Many tourists arrive from different parts of the country to attend the festival. But in recent years it has become very popular with overseas travelers. As such, accommodation tends to book out quickly, and many revelers resort to sleeping on the beaches. Plan your accommodation for the festival well in advance, particularly for the period surrounding the parade. Organizing transport to the islands inn advance is also required. Boats are the only way to attend many of the festivals, and tickets sell out quickly. Prices are also greatly inflated just before the event, especially for travelers who are desperate to make it to the event.
The culmination of events is over a 3 day period of parades the 9 day festival of music, dance and drama. The 3-day parade organized in the Philippines’s street in honor of the “Santo Nino” includes spectacular dancers in colorful costumes that march to a rhythm of traditional Filipino music. Ati-Atihan is celebrated all across the country of Philippines but with a unique flair in local regions. For example, Iloilo people also honor Santo Niño during the Dinagyang Festival that seems to have some pagan features. There are various other festivals that resemble this main Filipino Festival, such as Cebu’s Sinulog, Binirayan and Handugan Festivals of Antique that rival its popularity and liveliness. Attendees wear costumes in bright colors, decorated in animal bones and feathered headdresses.

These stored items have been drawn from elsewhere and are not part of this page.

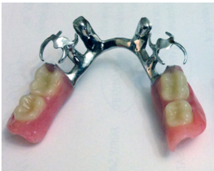
The Patient’s Metal Removable Partial Denture (Lower)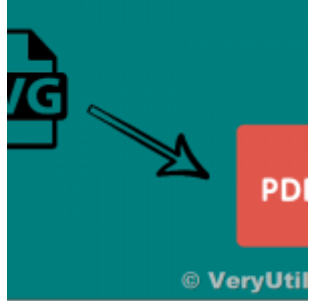
How do I convert SVG files to PDF files on Windows Server from PHP or C# source code?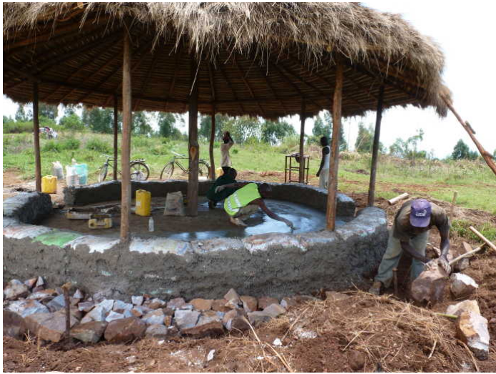
Finishing the cement inside, placing rocks on the outside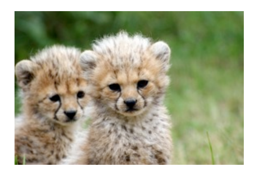
Two cheetah cubs (above). A cheetah family (below).

The cheetah lives in Africa and Asia. They also can be found in India and Iran. They need to live under trees and tall grass to escape from the heat. Cheetahs need open spaces to chase their prey. Their prey include rabbits, antelope, some birds, gazelles, wildebeast calves, impalas, and smaller hoofed animals. Therefore, if the cheetahs weren't fast enough, they wouldn't catch their prey. As you can imagine, if cheetahs didn't have these kinds of foods, they would become more extinct.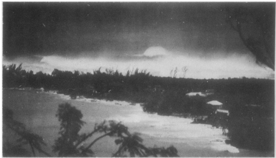
Fig. 2. Waves of Hurricane Allen breaking on East Fore Reef at Discovery Bay (Fig. 1, location E) at 0700, 6 August 1980. Wave heights were calculated to be 12 m; trees on shoreline are 15 m high.

Differences in damage to different growth forms (7) were particularly striking for corals, whose skeletal morphologies include branching, foliaceousness, encrusting, and head forms. As reported previously (5), branching species were more susceptible to hurricane damage than were massive heads (Fig. 4B). In an extreme example, at a depth of 6 m on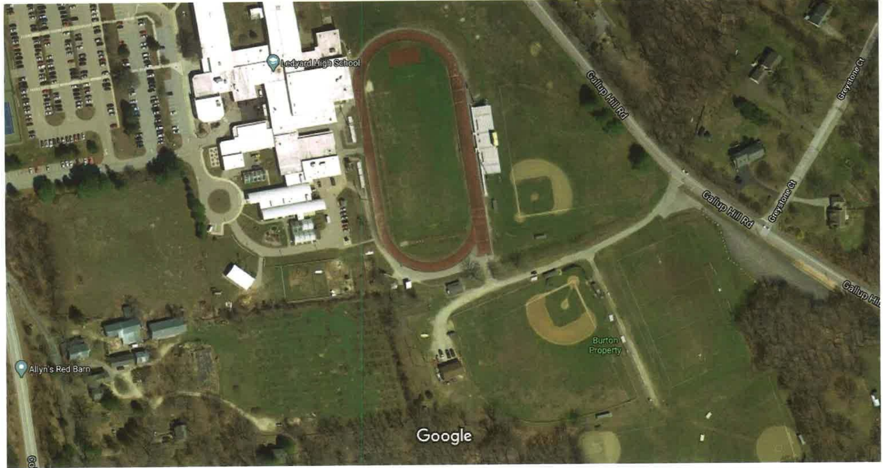
100 ft

Ledyard High School – Natural Grass Game Field, Non permanent Irrigated Fields, Clear Moisture Stress and Wear Stress in Practice Areas and Game Field. Soccer relocated games to alternate location.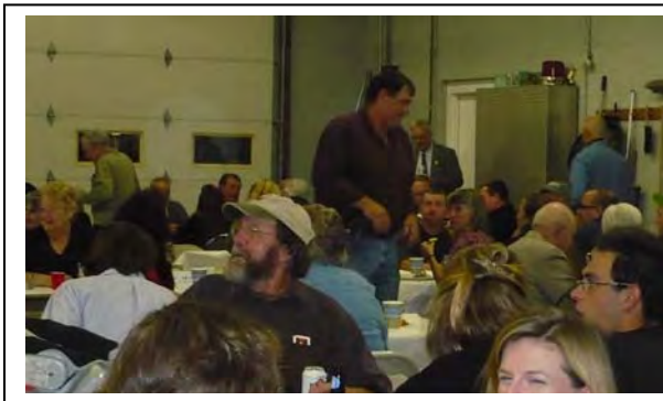
RI Raised Livestock Association Annual Dinner November, 2010. This year's supper event was held at Smithfield Elks Club. Over 150 farmers, family and guests attended.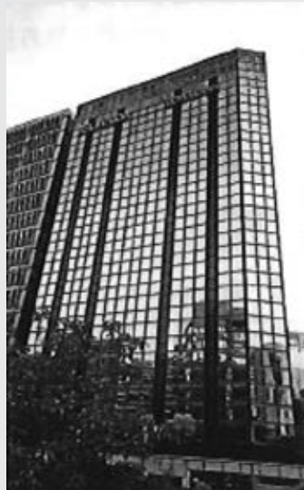
206 guest-room Ramada Hotel Kowloon Tsimshatsui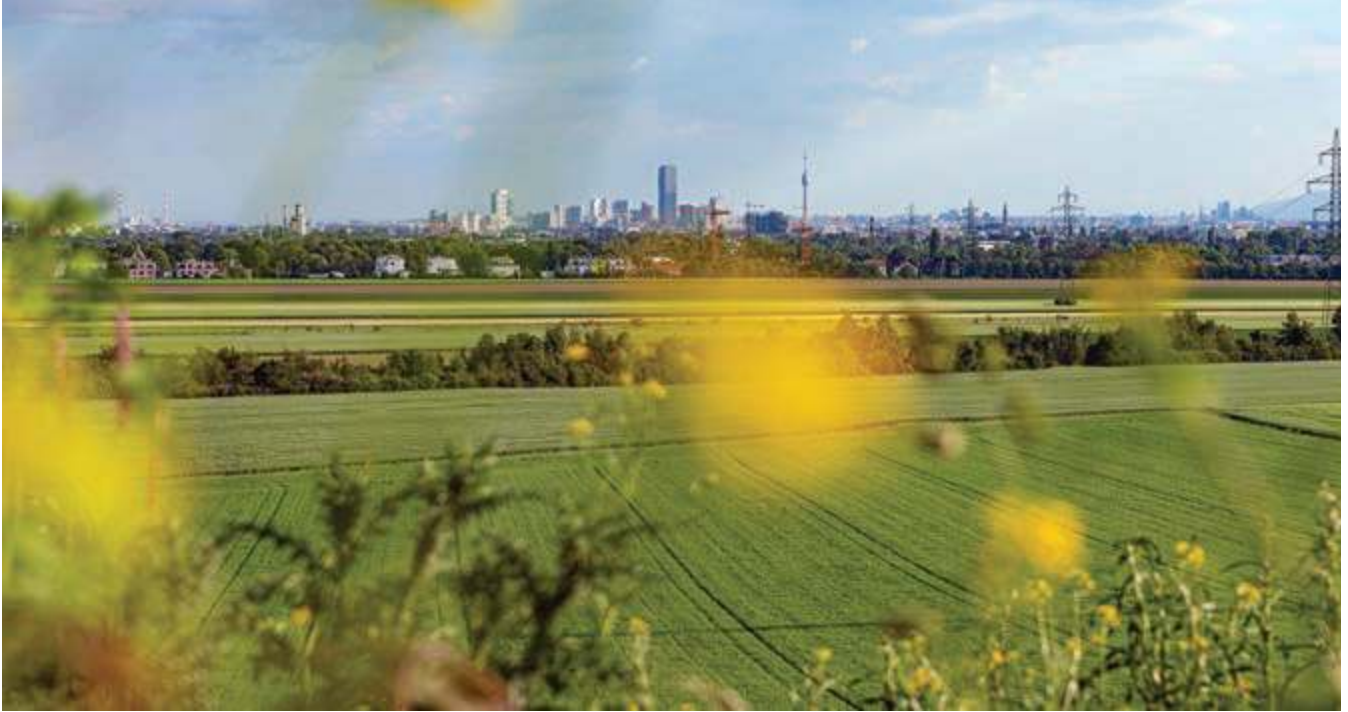
View of the city of Vienna from DreiAnger regional park

various name proposals both online and via voting card. This is how the “DreiAnger Regional Park” got its name. It refers to the traditional shape of municipalities in the area – the green hearts – the Anger – of Stammersdorf, Gerasdorf and Süßenbrunn.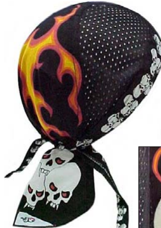
HE107 SKULL FLAME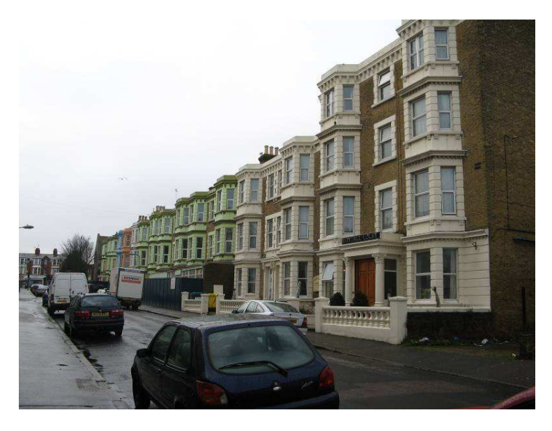
West side of Edgar Road

The plan form of the Conservation Area is simple and was constrained by Dalby Square to the west, Northdown Road to the south, and the seaside promenades and other open spaces to the north. The two main streets, Edgar Road and Sweyn Road, lie at right angles to the sea although this pattern was slightly changed in the centre of the Conservation Area in Gordon Road. Here, the space between the long terraced buildings on either side of the road was widened to create a small raised 'green', which has been landscaped with plants

The Ati-Atihan Filipino Festival first originated in Kalibo, Philippines but quickly spread to other provinces. The festival originated in 1212 AD following the arrival of members of the Datus tribe to the island of Panay. The new tribe nicknamed the darker skinned, curly haired natives of the island “Ati” or “Negritos”. The race indigenous to the island looked strikingly different to their paler invaders. The Datus purchased the land from the reigning king of the Ati, “Marikudo”, for a very low price and celebrated the bargain with a feast. The festival was borne out of celebration at a well-struck business deal. Relations between the tribes were amicable and mutually beeficial. The Datus tribe helped the natives during a poor harvest after the land changed hands and the Ati tribe could not cultivate the less arable land they now lived on. In thanks for the help they receved, they danced and sang for the Datus tribe. This became a yearly tradition of celebrating the friendship and the Datus honored the Ai by mimicking their appearance: Ati-Atihan literally means “making pretence of being an Ati”.

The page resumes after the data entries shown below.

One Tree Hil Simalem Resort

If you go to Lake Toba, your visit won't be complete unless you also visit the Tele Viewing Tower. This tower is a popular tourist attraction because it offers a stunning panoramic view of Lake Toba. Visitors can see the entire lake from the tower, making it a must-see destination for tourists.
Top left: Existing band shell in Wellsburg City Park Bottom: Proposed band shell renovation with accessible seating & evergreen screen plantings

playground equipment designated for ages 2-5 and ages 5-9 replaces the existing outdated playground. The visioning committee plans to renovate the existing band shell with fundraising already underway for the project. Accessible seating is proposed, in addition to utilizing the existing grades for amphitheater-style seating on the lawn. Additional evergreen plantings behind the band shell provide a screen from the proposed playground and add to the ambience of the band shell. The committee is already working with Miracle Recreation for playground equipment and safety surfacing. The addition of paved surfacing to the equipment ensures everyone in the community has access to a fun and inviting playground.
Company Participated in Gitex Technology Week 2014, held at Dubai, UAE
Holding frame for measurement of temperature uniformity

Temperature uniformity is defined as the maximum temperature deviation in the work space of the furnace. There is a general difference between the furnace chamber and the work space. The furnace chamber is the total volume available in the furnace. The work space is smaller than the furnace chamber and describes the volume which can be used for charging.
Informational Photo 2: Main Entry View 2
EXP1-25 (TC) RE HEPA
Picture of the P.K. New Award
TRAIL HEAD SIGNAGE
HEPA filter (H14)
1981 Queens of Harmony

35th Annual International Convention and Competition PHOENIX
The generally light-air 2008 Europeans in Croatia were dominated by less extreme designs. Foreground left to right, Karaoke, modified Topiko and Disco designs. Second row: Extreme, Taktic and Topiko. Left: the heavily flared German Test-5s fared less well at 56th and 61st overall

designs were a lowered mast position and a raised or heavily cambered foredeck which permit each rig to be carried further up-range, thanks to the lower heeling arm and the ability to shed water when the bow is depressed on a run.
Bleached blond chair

The Spaniards later settled in the area and the Catholics who joined the fiesta asked the Ati leaders, as well as the immigrants if they could honor Santo Niño at the fiesta. Today, the parade is a mixture of people dancing to drum music, or to sounds of metal and stone clinking from bottles. The dancing is continuous and everyone all festival participants blacken their faces with soot as a ritual of making believe that everyone is an Ati.